Querida mamá, dos puntos, y siempre así. Durante 40 años, el escritor Roald Dahl le envió más de 600 cartas a su madre. Desde los estrictos internados escolares, en el frente de la II Guerra Mundial o mientras recorría Los Ángeles, Texas, Washington y Nueva York como escritor de fulgurante fama, nunca paró. Desde los nueve años hasta los cincuenta, Roald siempre le escribió a mamá. Y ella, Sofie Magdalene, una mujer luchadora que había enviudado pronto con demasiados hijos a su cargo, guardó todas las cartas en un montón.
Tenía nueve años, y desde el internado de St. Peter’s le decía que se lo pasaba en grande jugando al fútbol cada día y que las camas de allí no tenían muelles. “¿Me podrías enviar mis álbumes de sellos y unos cuantos sellos repetidos?”.

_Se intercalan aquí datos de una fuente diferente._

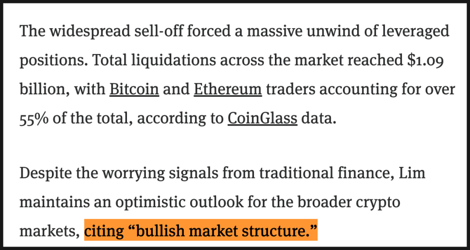 칼라단(Caladan)의 리서치 총괄 데릭 림(Derek Lim)은 “시장 구조 자체는 여전히 상승 추세를 유지하고 있다”고 평가했습니다. ETF 자금이 견고하고 기관 자금의 이탈이 제한적이라는 점에서 이번 하락이 구조적인 약세장이 아니라 과도한 레버리지 청산으로 인한 ‘셰이크아웃(shakeout)’이라는 분석도 힘을 얻고 있습니다.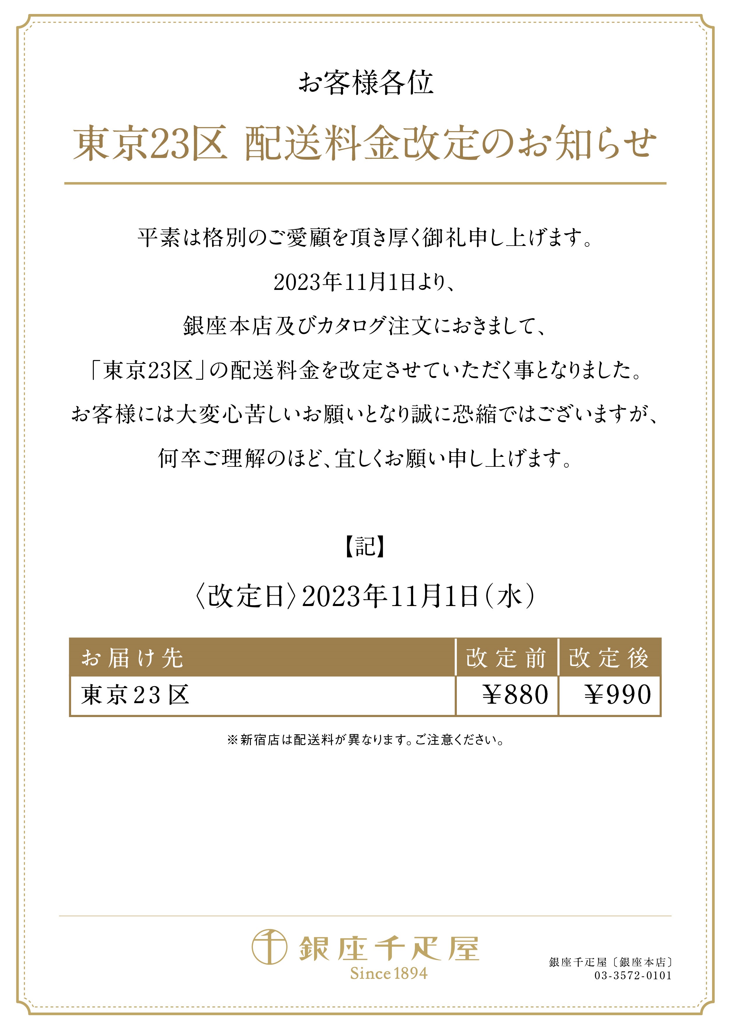 さてこのたび、2023年11月1日(水)より、銀座本店及びカタログ注文におきまして、下記の通り、東京23区の配送料金の改定をさせていただく事となりました。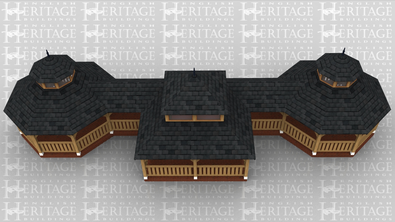 An oak frame based on a Japanese pagoda type design to replace an existing one that was falling down.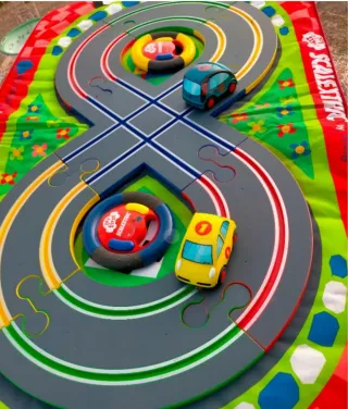 Circuito de carreras Mi Primer Scalextric para los más pequeños. Incluye todo lo necesario para empezar a jugar. - Circuito de pistas. - Dos coches de carreras. - Mandos de control.

Tenía 14 años y, desde el nuevo internado de Repton, le escribía con guasa: “Parece que estás pintando mucho; pero cuando pintes el retrete no pintes el asiento, dejándolo húmedo y pegajoso, o algún desdichado se quedará enganchado sin darse cuenta, y a menos que le amputen el trasero o que elija ir con el asiento pegado a las posaderas, estará condenado a quedarse donde está y no hacer nada más que cagar durante el resto de su vida”.
Tenía 22 y, como empleado de una petrolífera que viajaba por el mundo encadenando exotismos y aventuras, le escribía tras atravesar el mar Rojo que a su lado había un tipo bastante gordo y medio grogui por el calor. “Está desparramado sobre su silla como una medusa caliente, y además suelta humo. Puede que se derrita”.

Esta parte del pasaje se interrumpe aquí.